Myths About Private Limited Company
India has 126 unregistered business for every one registered business, as majority of businesses operate as proprietorships or partnership firms. Despite the introduction of new business entities like Limited Liability Partnership and One Person Company, the adoption of corporate entities is slow among the Indian Entrepreneurs. Popular notion and myths about maintenance of a corporate entity in India drive many Entrepreneurs to start their venture as a Proprietorship or Partnership and later convert into a Private Limited Company. In this article, we address some of the popular myths about a Private Limited Company.
Myth #1: Private limited company is costly
Incorporation of a Private Limited Company used to be a costly affair a few years ago – when professionals used to charge nearly Rs.50,000 for the incorporation of a Private Limited Company. Now with the advent of the internet and a competitive eco-system, Private Limited Company can be incorporated for as low as Rs.12000 through www.complianceindia.co.in..

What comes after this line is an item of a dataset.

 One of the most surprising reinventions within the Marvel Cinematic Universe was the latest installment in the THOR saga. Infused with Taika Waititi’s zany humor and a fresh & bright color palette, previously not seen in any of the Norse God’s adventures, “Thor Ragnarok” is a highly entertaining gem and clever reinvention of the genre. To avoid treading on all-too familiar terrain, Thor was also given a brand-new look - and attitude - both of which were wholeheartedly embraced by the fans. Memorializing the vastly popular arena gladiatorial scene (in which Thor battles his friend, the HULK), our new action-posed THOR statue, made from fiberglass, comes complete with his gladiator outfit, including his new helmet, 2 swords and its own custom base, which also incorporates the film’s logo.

Further, Entrepreneurs who wish to start a small business can even register a Limited Liability Partnership (LLP). The all inclusive cost for LLP Registration is just Rs.8000 through www.complianceindia.co.in. LLP would afford limited liability protection, transferability and a separate legal entity for the business – features not available for a proprietorship or partnership firm.

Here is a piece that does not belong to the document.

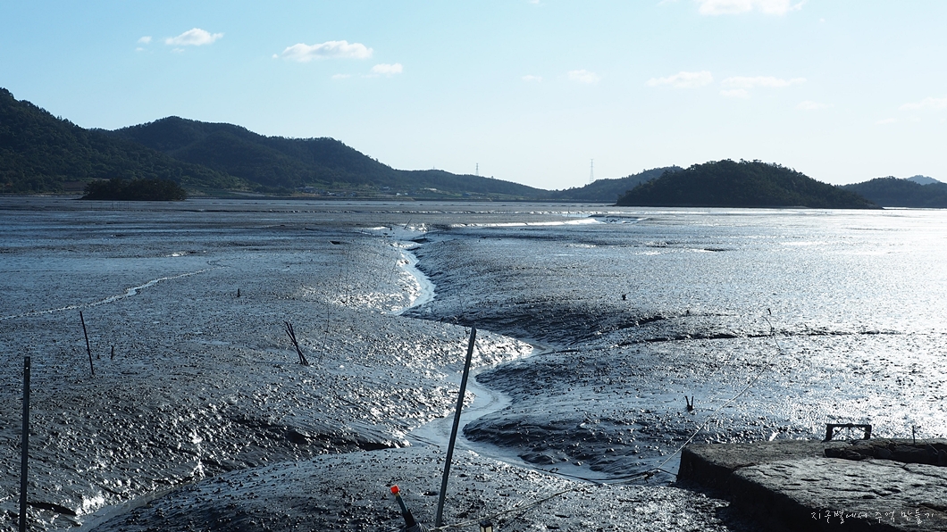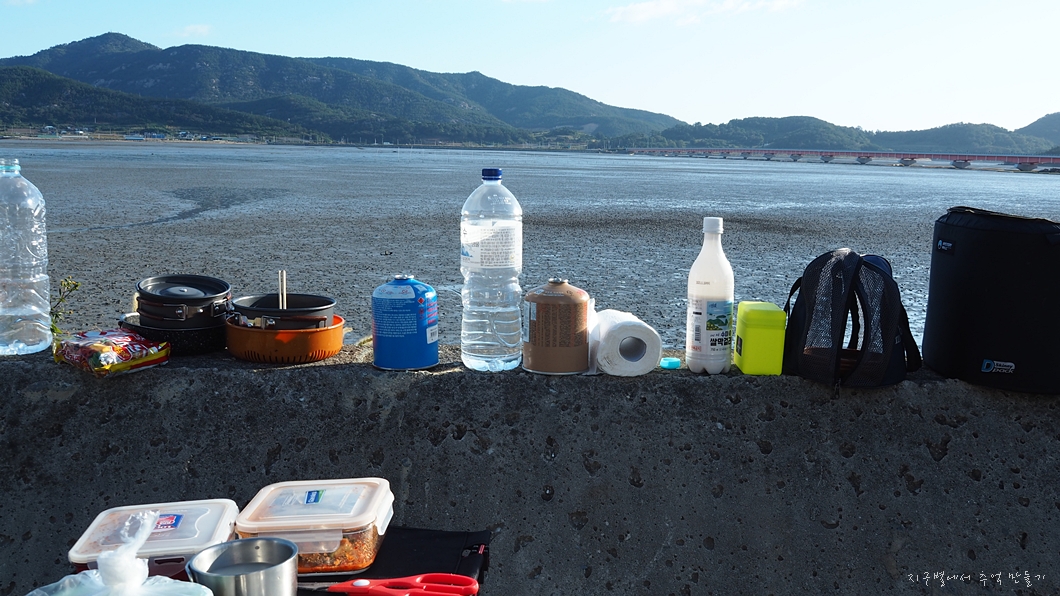 갯벌이 보이는 곳 둑에 앉아서 아침 식사.

Myth #2: Shareholders meetings must be conducted often
An Annual General Meeting must be conducted by all Private Limited Companies and Board Meetings may be required, if special resolutions are to be passed. However, conducting an Annual General Meeting or Board Meeting is neither a formal or time consuming affair. Meetings relating to maintaining legal compliance of a Private Limited Company can be quickly conducted in a matter of minutes during the course of everyday business, without any extra effort. Therefore, conducting of annual general meeting or board meetings must never be a factor that prevents an Entrepreneur from choosing to start a private limited company for doing business.
Myth #3: Proprietorship and Partnership have lower tax rate
Partnership firms, Limited Liability Partnership, One Person Company, Private Limited Company and Limited Company are subject to the same income tax rate of 30% in India. Therefore, there is no benefit in incorporating a Partnership as apposed to a LLP or Private Limited for reducing tax liability.
Proprietorship’s are taxed similar to individuals in India. Therefore, income tax is based on the slab of income. Usually income of 2.5 lakhs to 5 lakhs is taxed at 10%, 5 lakhs to 10 lakhs is taxed at 20% and any amount over 10 lakhs is taxed at 30%. Therefore, for many small and medium sized businesses, the savings on income tax would be negligible – considering the benefits lost due to incorporation of a Proprietorship.
Myth# 4: Proprietorship and Partnership do not need audit
Proprietorship and Partnership firms are also required to furnish audit reports, if certain criteria’s are met. Proprietorship’s and Partnership firms are required to file tax audit report if the annual turnover exceeds Rs.1 crore or the proprietorship doesn’t achieve a profit of 8% during the financial year. Private limited company on the other hand is required to have its financial statements audited each financial year, irrespective of sales turnover or profitability.